To put this into a more descriptive form and describe the actual methods employed, the peaks in the multi-level bead samples and the LED data series have a wide range of variances, so unweighted least squares fitting is not appropriate, and we need to apply appropriate weights in the fitting procedure. In particular, the populations with lower variances get more weight since having the fit miss them by any particular amount is worse than missing a high variance population by the same amount. The weights are typically supplied to the statistics package as one divided by the expected variance and, using the formula above, we could express them in terms of the true variance Var[X_i] if we knew it. We have taken two approaches in carrying out the fitting procedure. The simpler one is to derive the estimate from the value we already have in hand, namely Vi. In the second approach, the coefficients of the fit polynomial are first estimated using weights for each point computed directly from the sample variance of each peak as in the first method. These results are then refined iteratively by computing new weights based on the variance predicted by the fit polynomial, evaluated at the mean of each peak and refitting. This process is repeated until all the coefficients have converged to four significant figures, i.e., the absolute value of the relative change in the coefficients was less than the round off error of 5×10⁻⁵. This occurs quickly, usually in about 4 iterations.
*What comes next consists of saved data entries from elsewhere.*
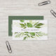 Chic botanical business cards feature your name or company name flanked by a top and bottom border of painted watercolor botanical leaves in rich shades of green. Add your full contact information to the back in white on meadow green, along with a customisable QR code. A unique and elegant choice for landscape designers, landscape architects, florists and green businesses.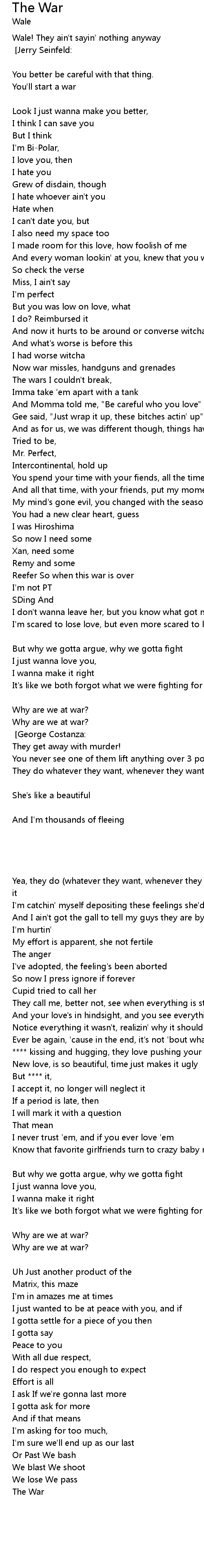 So baby why are we at war? [Wale - outro] |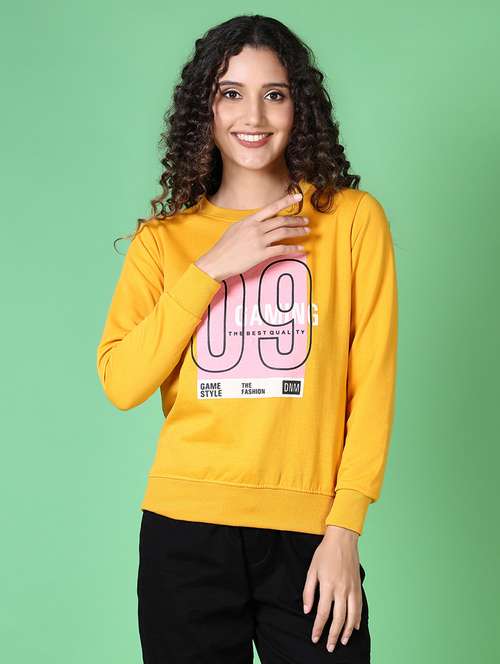 - Recreate your winter style with the all new frisky design options of sweatshirts available in yellow shades and hues to brighten up the chilly days.

When the uncertainty in estimates of peak means and variances are due to limited sample size and related statistical variability, the iterative method has theoretical advantages and should improve the accuracy of the results. However, with sample sizes in the range of 10,000 events per sample population, statistical error should be small, and improvements using the iterative method should be minimal. For multi-level beads, the main sources of error in the fitting are likely to be differences in the effective CV₀ of the different bead populations leading to data that contains systematic deviations from the assumptions of the quadratic model. The multi-level bead samples start with a single undyed lot of polymer beads, and aliquots of that are stained with different concentrations of a mixture of several dyes. In our experience, optimal uniformity of the staining may not be achieved in all of the separately dyed populations in a multi-level sample, and any production problems will tend to give one or more populations with effective CV₀ higher than the others. One population with high CV₀ will shift the initial fit parameters somewhat away from what would be obtained with all equal CV₀s, but, in the presence of one bad data point, the single step method, while degraded, generally produces a sensible result from the remaining points.
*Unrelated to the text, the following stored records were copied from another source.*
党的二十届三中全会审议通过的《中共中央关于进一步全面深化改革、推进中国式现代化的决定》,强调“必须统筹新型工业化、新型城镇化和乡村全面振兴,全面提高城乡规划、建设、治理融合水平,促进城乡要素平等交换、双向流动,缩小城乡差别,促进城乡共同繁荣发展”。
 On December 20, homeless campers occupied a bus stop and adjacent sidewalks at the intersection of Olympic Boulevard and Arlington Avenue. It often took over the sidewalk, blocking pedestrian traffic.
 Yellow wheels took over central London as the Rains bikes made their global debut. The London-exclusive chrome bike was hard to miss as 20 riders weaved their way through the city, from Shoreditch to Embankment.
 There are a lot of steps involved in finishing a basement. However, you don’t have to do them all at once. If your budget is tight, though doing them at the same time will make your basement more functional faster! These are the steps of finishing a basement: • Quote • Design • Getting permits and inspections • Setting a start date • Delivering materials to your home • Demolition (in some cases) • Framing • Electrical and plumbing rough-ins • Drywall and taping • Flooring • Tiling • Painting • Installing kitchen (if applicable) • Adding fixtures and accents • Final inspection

When the initial fitting procedure is applied with its assumption of a single CV₀ for all populations, any population with higher CV₀ can be expected to have an observed variance greater than that predicted by the fit. Applying the iterative procedure in this situation will increase the weights of any bad points and shift the fit parameters away from those corresponding to the actual Spe scale and Background values that are the objective of the whole procedure. The iterative method can be driven quite far from the single step result by trying to accommodate an inopportunely placed bad point. Therefore, it should not be used blindly but only after quality control of the first step result. Our results discussed below in the section “Are there differences in intrinsic CV …” demonstrate that this is a relevant issue, so in this work we have relied on the results of the single fitting procedure.
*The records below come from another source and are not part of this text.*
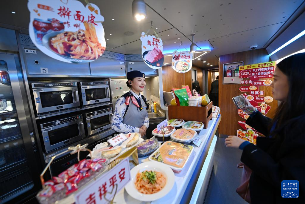1月5日,担当陕港列车值乘任务的“长安之馨”西港乘务人员为旅客介绍餐车服务情况。
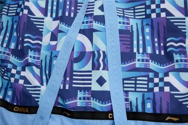 李宁为中国体育代表团打造的系列装备,以承载中国传统吉祥寓意纹样“双胜纹”为核心设计元素,该元素贯穿使用于室外领奖服、室内领奖服以及出场装备全线产品。在出场装备上,两个菱形交叠穿插而成,蕴含着胜利、祥瑞、同心共赢的美好寓意,应用于拉链、袖口、充绒绗线及女款出场服腰带等细节部位。在“双胜纹”基础上衍生出的“双胜雪花纹”,则运用于后幅“CHINA”字母纹饰,以复合工艺将反光材料融入印花,细腻的材料勾勒出双胜雪花纹样交叠,在反光材料的映衬下渐次绽开。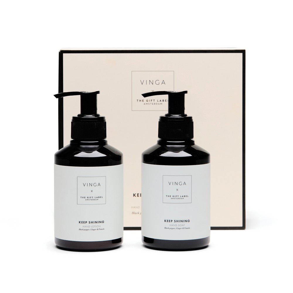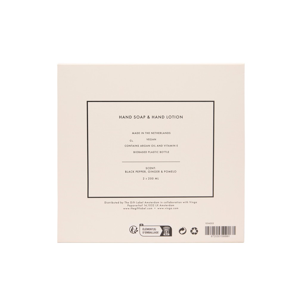 Zestaw kosmetyków 2 el., w komplecie: mydło do rąk 200 ml i balsam do rąk 200 ml, ciepły aromat czarnego pieprzy, imbiru i pomelo, w eleganckim pudełku upominkowym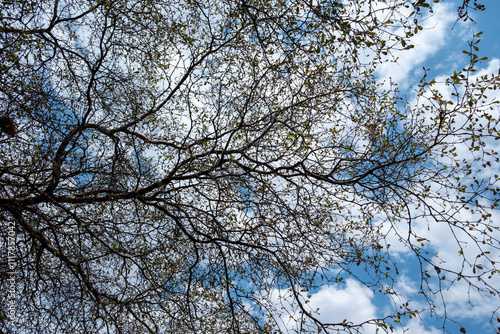 Bare tree branches, blue cloudy sky background, deciduous plants in winter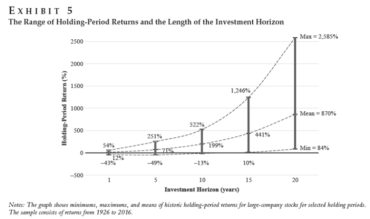 - The dollar range of return outcomes widens over time.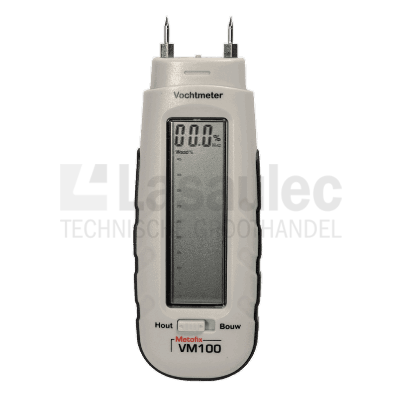 Wil je het vochtgehalte van hout of andere zachte bouwmaterialen weten? De METOFIX VM100 vochtmeter vertelt je direct de vochtwaarde in %. Je neemt hem makkelijk mee naar iedere klus, dankzij het compacte formaat en de slagvaste behuizing. Door middel van de hout- of bouwstand meet je de vochtwaarde van uiteenlopende materialen, zoals hout, gips of pleister.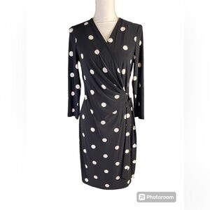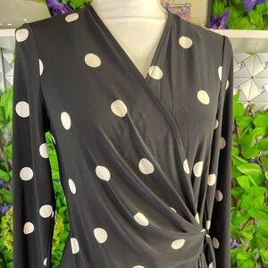 NWT Anne Klein Black Dress with White Polka Dots Women’s Medium Wrap Stretchy

The fitting routine provides estimates for the three quadratic parameters (c0, c1 and c2) and their standard errors. A weighted residual is evaluated for each data peak as the difference between the observed variance and the fit parameters estimate of that variance multiplied by the square root of the weight for that peak.

In the data processing and fitting we use the R packages flowCore (10), flowViz (11), xlsx and extremevalues. The first two are available from BioConductor http://www.bioconductor.org/ and the remaining two are available from any CRAN mirror. Package flowCore is used to read and write FCS files, flowViz is used for visualization and debugging, xlsx lets us read the Excel spreadsheets that we use in order to organize files and capture metadata essential for the automated calculations, and the function getOutliers in extremevalues returns as part of its output the estimated mean and standard deviation obtained by fitting a Gaussian distribution. The quadratic model is fit using the 'lm' (linear model) function from the 'stats' library in R. We are able to use the 'lm' function since our quadratic model is essentially a linear model in two variables, one of which is the square of the other. For some work we used the equivalent platform in JMP 10 (SAS Institute, Cary, NC, USA).

LED fitting includes both quadratic and linear fits

For LED analysis, results are reported for both quadratic fitting and linear fitting (effectively fixing CV₀ = 0). Since the uniformity of LED signal outputs is likely to be better than the ability of the cytometer electronics to evaluate it, the c2 term in a quadratic fit should be very close to zero with a small standard error. If the results of the quadratic fit are consistent with CV₀ = 0, we can rely on the linear fit results whose standard errors on c1 will generally be smaller than the c1 standard errors of the quadratic fit.

Information needed to carry through the otherwise fully automated procedure

The scripted analysis procedure requires some information to process the sample data correctly:

1. A folder or file name and designation as LED or multi-level bead data.

2. For different populations in a single file, the number of peaks to be identified.

3. Fluorescence channels to be used in the fitting must be identified and designated as Area or Height. Also, for bead data, channel names for light scatter gating dimensions are needed.

4. The highest measurement level that is expected to maintain good linearity.

Note that no subjective processing or gating decisions are involved.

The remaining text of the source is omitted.